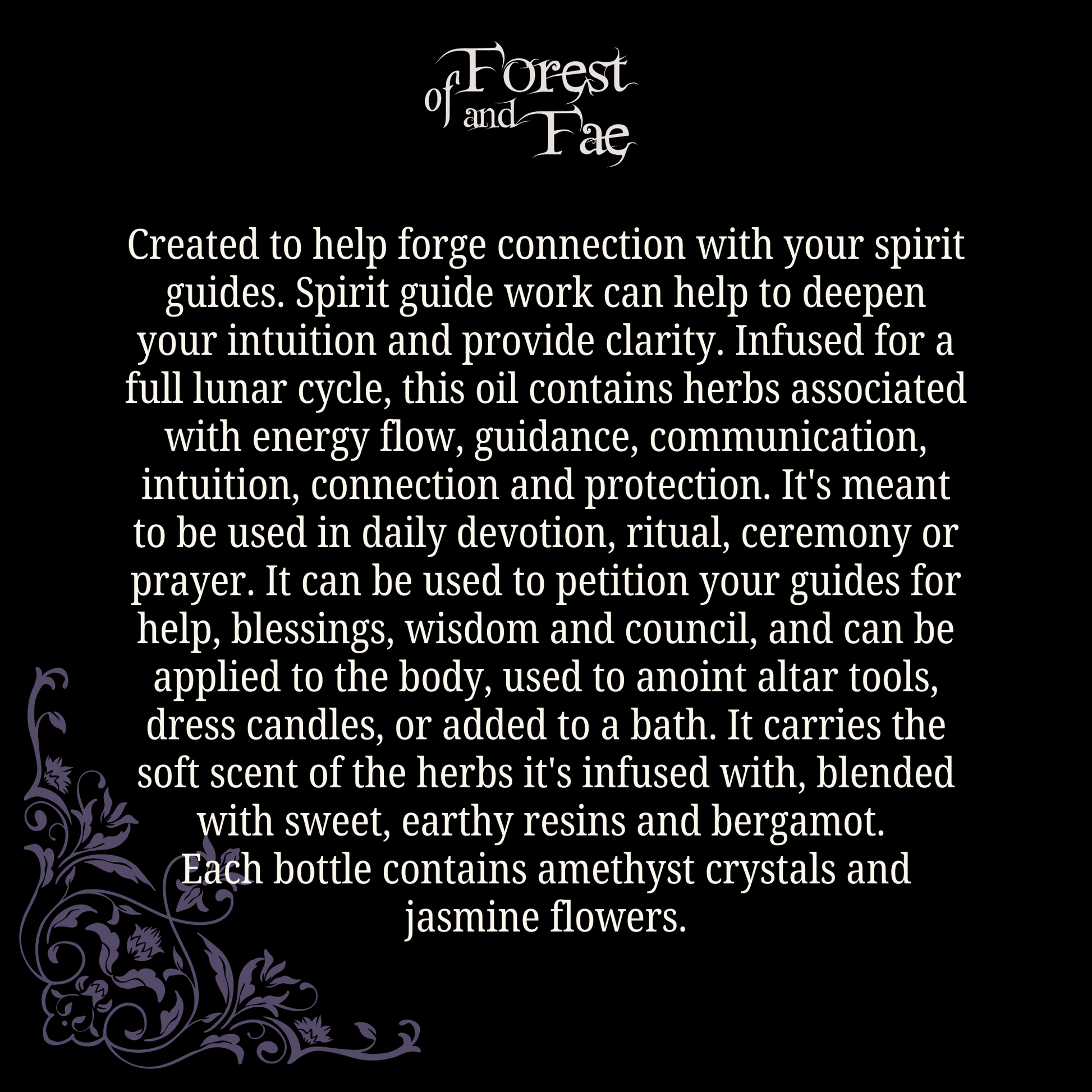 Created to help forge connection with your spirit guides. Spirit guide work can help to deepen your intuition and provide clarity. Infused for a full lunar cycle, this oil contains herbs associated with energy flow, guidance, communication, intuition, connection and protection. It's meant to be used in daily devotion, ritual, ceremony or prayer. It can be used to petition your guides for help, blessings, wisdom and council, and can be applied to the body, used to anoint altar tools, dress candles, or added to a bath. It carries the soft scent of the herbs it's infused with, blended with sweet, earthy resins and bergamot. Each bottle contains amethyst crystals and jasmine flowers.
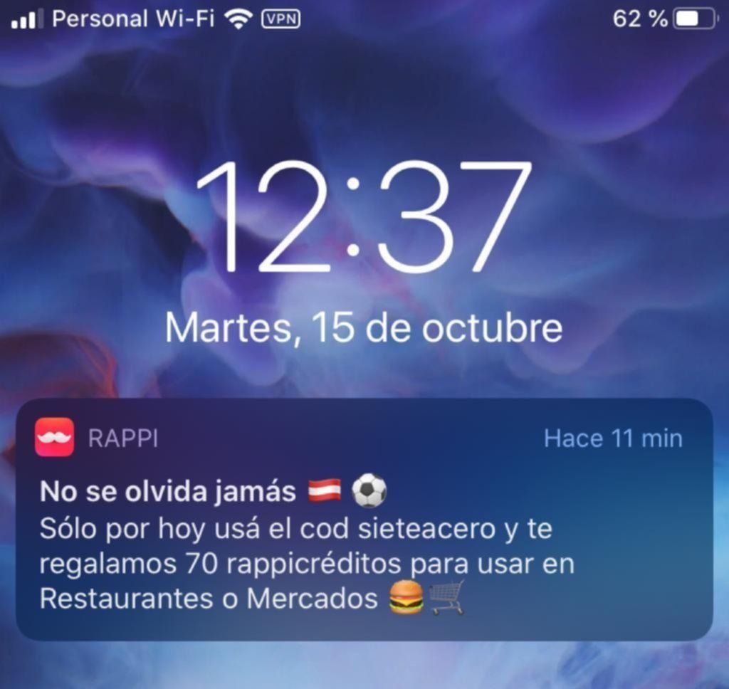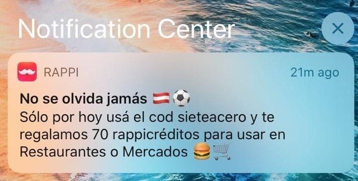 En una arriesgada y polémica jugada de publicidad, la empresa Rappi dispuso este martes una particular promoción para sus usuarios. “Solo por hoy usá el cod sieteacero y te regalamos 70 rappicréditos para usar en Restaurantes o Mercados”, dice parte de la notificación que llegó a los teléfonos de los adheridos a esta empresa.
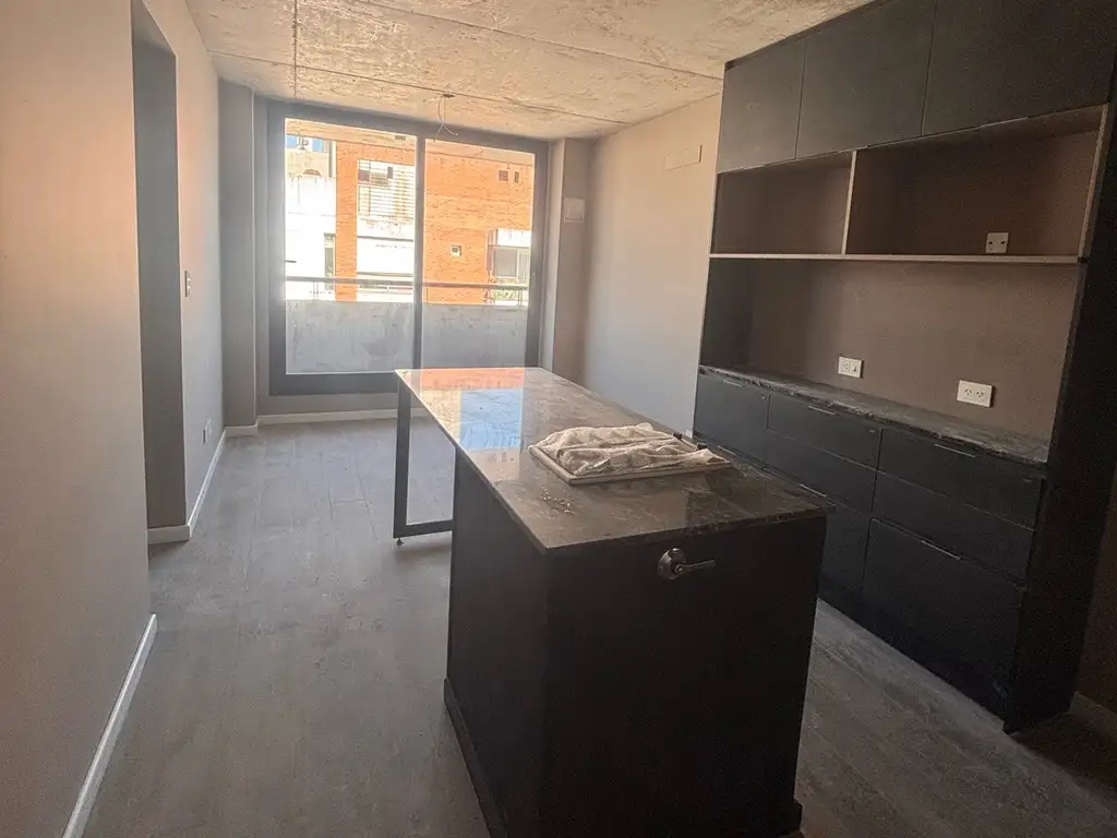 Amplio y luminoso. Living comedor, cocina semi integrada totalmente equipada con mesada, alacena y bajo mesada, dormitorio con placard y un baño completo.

- **Exercise details**
The expected output is an exact retyping of the lines from the line with "En una arriesgada" through the last line of the data, with both ends kept and the pictures dropped.

- **Exercise solution**
 En una arriesgada y polémica jugada de publicidad, la empresa Rappi dispuso este martes una particular promoción para sus usuarios. “Solo por hoy usá el cod sieteacero y te regalamos 70 rappicréditos para usar en Restaurantes o Mercados”, dice parte de la notificación que llegó a los teléfonos de los adheridos a esta empresa.
 Amplio y luminoso. Living comedor, cocina semi integrada totalmente equipada con mesada, alacena y bajo mesada, dormitorio con placard y un baño completo.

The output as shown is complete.